Here I am at the Ukrainian Cultural Heritage Village on the old ferry, circa 1996. Can you think of a more beautiful place to work and be? The town site is in the background.

Honestly, those were some of the best days of my life. Both campers and program leaders (along with the interperters there) dressed in historically accurate clothing. For the ladies that meant brown cotton stockings held up with penny garters, cotton bloomers and slips and drop-waisted cotton print dresses. And to top it off, hustkas, the colourful, flowered woollen headscarves.

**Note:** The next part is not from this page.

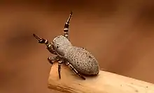 Characteristic mark of the species. Adult male and females, as well as all but the earliest instar juveniles, have heavy black brushing on their front legs

We became members of the families in the farm and town sites, we ground grain, “shopped” at the old store, fed animals, made meals from scratch, fetched water, rode in wagons and old cars, smithed tiny horseshoes, weighed grain at the elevator, dipped candles, packed ice in the ice chest, pumped gas at the hand pump, sent out Morse code messages at the train station, went to school and church (there are 3 varieties on the historic site there!) Can you think of a better way to spend a summer? I cannot. It was the best summer job ever.

And each week we made Pysanky, Ukrainian Easter eggs. Witness Susan in heaven. Beeswax melting, pots of dye waiting, delicate eggs ready for art. We worked from traditional Ukrainian patterns, though none of mine have survived. I did get my own kystka (if you scroll down in the link you’ll see beautiful eggs and then some lovely hands working with a kystka), the tool for drawing with heated beeswax on the eggs.

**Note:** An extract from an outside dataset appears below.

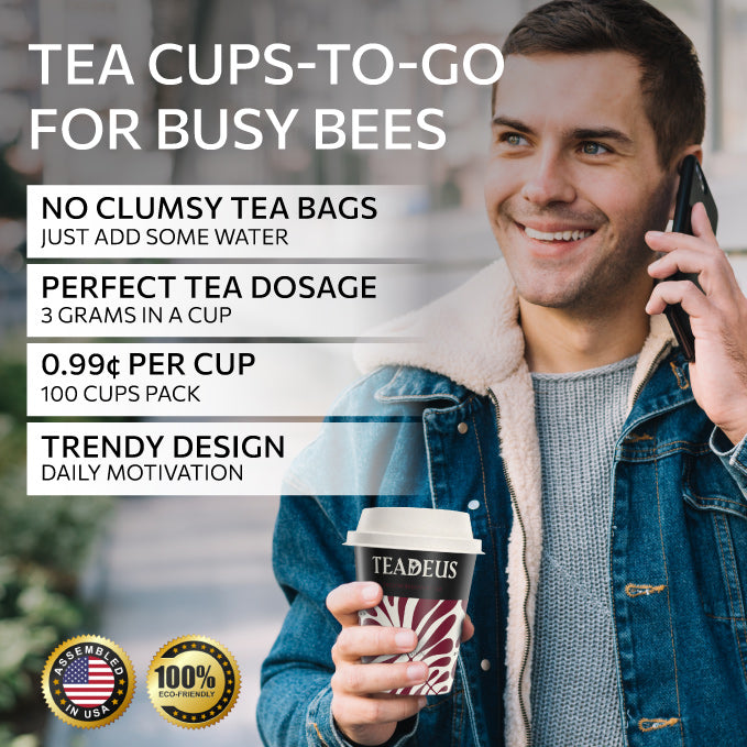 Teadeus cups are your hassle-free, eco-friendly solution for delicious tea. Packed with top-notch blends, these cups offer convenience and great taste, all while being kind to the environment. It's more than a cup – it's tea made simple and satisfying.

Each pysanka is made with a process exactly like batik. A layer of beeswax is drawn on the egg to seal in the white of the original surface, then the egg is dyed the lightest colour you want (traditionally yellow).  Next a layer of wax designs over the yellow seal it in, then it’s dyed orange, draw, dye red, draw and so on through to black (or whatever your darkest colour will be). Then all the wax is heated and wiped away and a colourful egg appears, its magic, alchemy really! For these eggs I evidently drew the entire piece on the white egg and then layered the dye colours.

And lastly, you really should check out the Giant Pysanka in Vegreville, Alberta. Happy weekend!